The Scapegoat (1959)

Here's one I couldn't pass up: a film reuniting Alec Guinness, at the heart of his acclaim, two years after his Oscar for The Bridge on the River Kwai and right in between Our Man in Havana and Tunes of Glory, with writer and director Robert Hamer, for whom he had appeared no less than eight times in probably the driest and most delicious black comedy ever made, Kind Hearts and Coronets. He's only in a dual role here, as a depressed English professor called John Barratt who travels to France to find some purpose in a seemingly empty life, and as Jacques De Gue, a French count who has too much of everything including a wife he doesn't want.

Our story, based on a novel by Daphne du Maurier, author of a famous trio of novels that became Hitchcock films (Jamaica Inn, Rebecca and The Birds), has to do with the one taking advantage of the other. De Gue sees a way out of his mess by swapping places with Barratt, setting him up as a schizophrenic and promptly plotting the death of his wife, to naturally blame on his conveniently schizophrenic double. Beyond Guinness (both of him), Hamer and Du Maurier, there's another major name here: Bette Davis, sharing the screen with Guinness for the only time.

She's not playing his wife, even though she was only three days shy of six years older than him. She takes a far more memorable role that she plays with relish, that of his bedridden morphine-addicted mother, the Countess. While Guinness was riding high in 1959 she was not far from the end of her long dry spell, that pretty much lasted a decade and a half with that one very notable exception of All About Eve, which one day I'll finally be able to see. Other names include Pamela Brown, director Michael Powell's wife; Geoffrey Keen, the Minister of Defence in quite a few Bond films; and Peter Bull, the Russian ambassador from Dr Strangelove. There's Peter Sallis long before Last of the Summer Wine. And off screen there's Gore Vidal adapting Daphne du Maurier's novel and du Maurier herself as a producer.

Spelling the word 'marriage' wrong is hardly an important thing when put up against the depth of Daphne du Maurier's story and of Alec Guinness's dual portrayal. Not to denigrate his huge skill, but in Kind Hearts and Coronets he had various tools of the trade to assist him in forging recognisably different characters: make up, screen time and even, in one instance, drag.
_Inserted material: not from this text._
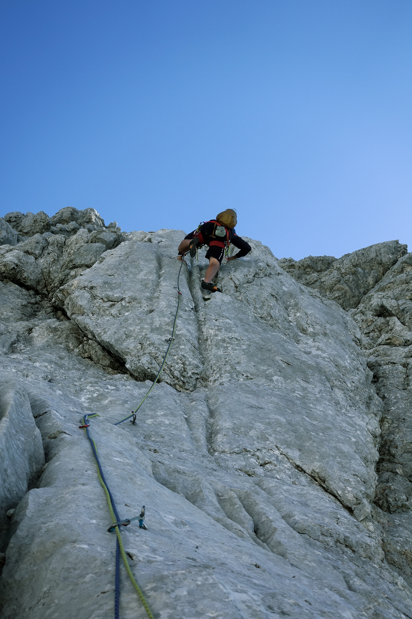 Sehr flott führte Stefan die 5 Seillängen bis knapp unter den Südgrat und nun übernahm ich die Führung im alpinen Gelände des Südgrats. 10 Klemmis und Camalots 0,5 – 2 hängen zusätzlich an meinem Gurt.

Here he has nothing to help him except his talent, which is more than up to the job. He has to play two characters who look exactly alike but who are otherwise completely different. Merely through mannerisms, his tone of voice and the way he combs his hair, he does everything that's needed to utterly distinguish them, making it seem such a simple task that anyone could do it. Quite patently, they couldn't. The way the scenes with the two characters together is filmed is equally admirable.

The story is tight and well shot. However it does pay a lot more attention to details and subtleties than most modern viewers would appreciate. Beyond their merely not liking a film without the requisite level of explosions and CGI, it would probably send them to sleep. I adore details and subtleties and am quite happy with films free of explosions and CGI but it ran slow for me too. Perhaps that was partly late night viewing and the fact that I ended up watching it in two halves with a few days in between, but it didn't engage quite as much as I would have hoped given Kind Hearts and Coronets as a predecessor. However it's still a clever and fascinating film.